And that is why, in relation to the 2015 COP in Paris, where the
most powerful countries on Earth made a commitment to provide $100
billion, which today is a very small sum compared to what’s needed
to mitigate and adapt to the climate crisis, not even 10 billion has
come in of that. Yet that same figure, in just one week, if you look
at the military contributions of Germany, the United Kingdom and the
United States, all told, then these sums have come forward, but for
war, the war in Ukraine.
AMY GOODMAN: You have called for decarbonization of the economy, for
an end to fossil fuel extraction in Colombia. Yet Colombia exports —
oil is the number one export. You have the largest open coal pit in
the world. Can you talk about how you accomplish this?
PRESIDENT GUSTAVO PETRO: [translated] Yes, this is certainly a
matter of debate in Colombia especially. I have wanted to show the
world that even though we live off of oil and coal, the president of
the republic can ask the world for decarbonization of the economy. It
makes sense vis-à-vis the whole world, because in many countries
— the Arab countries, many Latin American countries, even Russia,
which are powers in respect of their oil reserves, their gas reserves
— there is an attitude of wanting to stop the possibilities of a
transformation of the world by stopping our use of coal, oil and gas.
And this obviously condemns us.
Science is not wrong on this. Progressivism, as a worldwide political
movement, was always based on the idea of doing politics enlightened
by science, not irrational kind of politics like the far right has
done in the world. Today we see a conflict there, because science
tells us that if we use what is buried in Colombia in the way of coal,
or what is buried in Venezuela in terms of oil reserves, then we would
pass a point of no return, and humankind would have no possibilities,
and life on the planet would have no possibilities.
Venezuela lives off of oil — it lived off of oil — and Colombia,
coal and oil. Nonetheless, we — Colombia is calling for a change in
the economy. Now, within Colombia, that has produced a major debate.

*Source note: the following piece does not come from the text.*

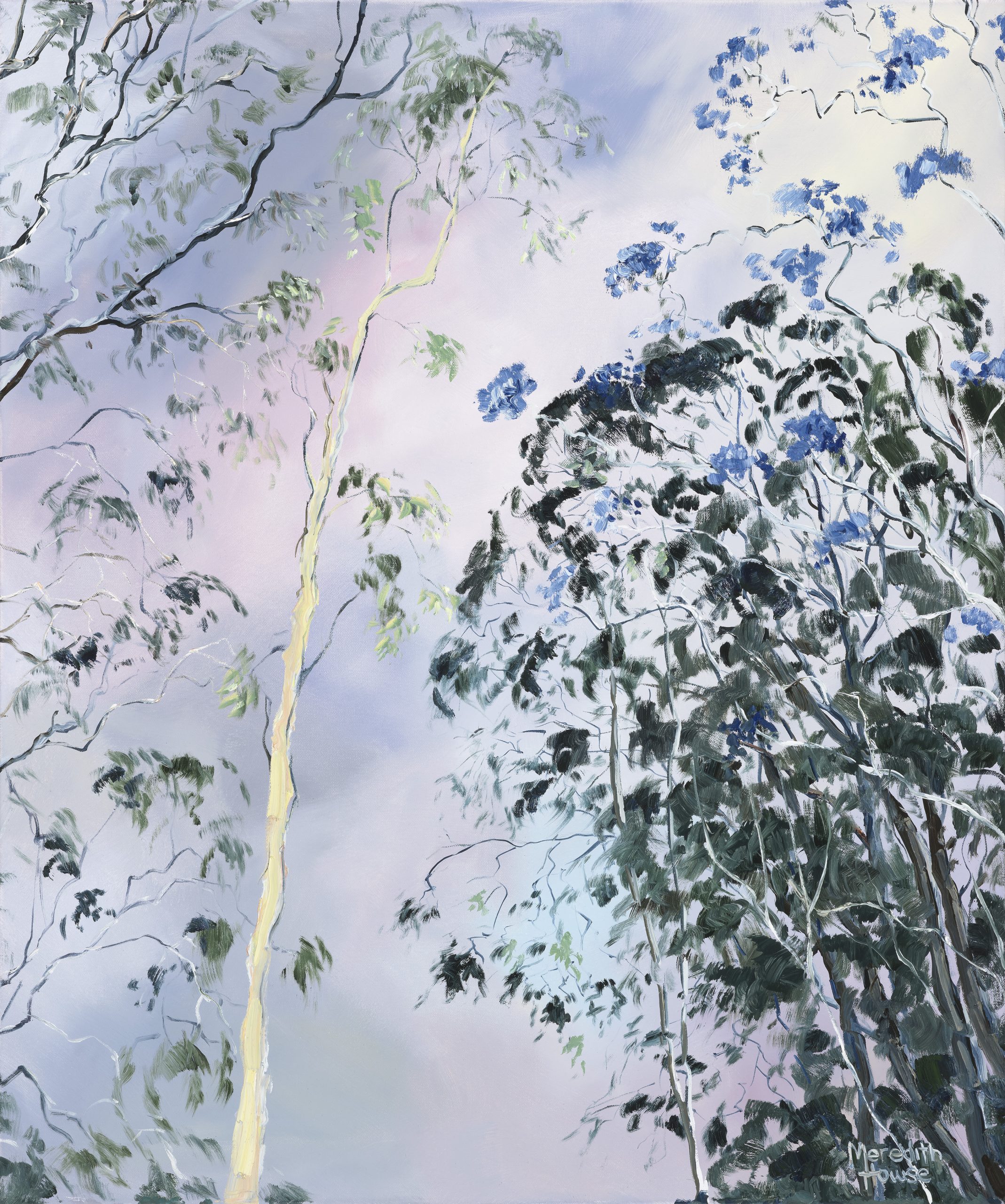 Illumination Trees of Ashgrove by Meredith Howse is a captivating artwork inspired by the awe-inspiring beauty of a distant summer storm. Capturing the essence of nature, particularly the grandeur and majesty of towering trees. The artist expertly uses a palette of pinks, blues, greys, dark greens, and gum tree blues to bring the scenes to life.

They say, “The president must be crazy or sick. No one in the world
is listening to what he has to say. He’s taking us to an abyss.” I
believe, because I trust that humanity will not let itself become
extinguished, that in a relatively short time period — say, 10 to 15
years — in effect, the demand for oil and coal will collapse in the
world. And what we call the fossil economy, which is most of the
capitalism on Earth, has to turn to new technologies without coal and
without oil.
Now, if that is the case of the world, then what we call the
decarbonized economy today is going to impose new realities on the
world economy. There, there will be different social relations of
production. And if we don’t go in that direction, then we are going
to have tremendous inequality and economic backwardness and
backwardness in terms of knowledge vis-à-vis the world. So,
therefore, I would hope that one could move in tandem, if not move
ahead, on decarbonizing the economy.
I think it’s fundamental for a region like South America, whose
greatest potential and whose greatest wealth is precisely in its
natural biodiversity, in the amount of its water, in the amount of
sunshine that falls on the region and the winds that blow through the
region — that is to say, the sources of clean energy. In my
opinion, coal and oil for South America is a mirage, in which they
might become anchored even as a result of their own left wings. But
they would leave Latin America behind in a transformation that the
entire world is going to undergo. And that transformation is not a
negative thing. It mustn’t be seen as backsliding to poverty.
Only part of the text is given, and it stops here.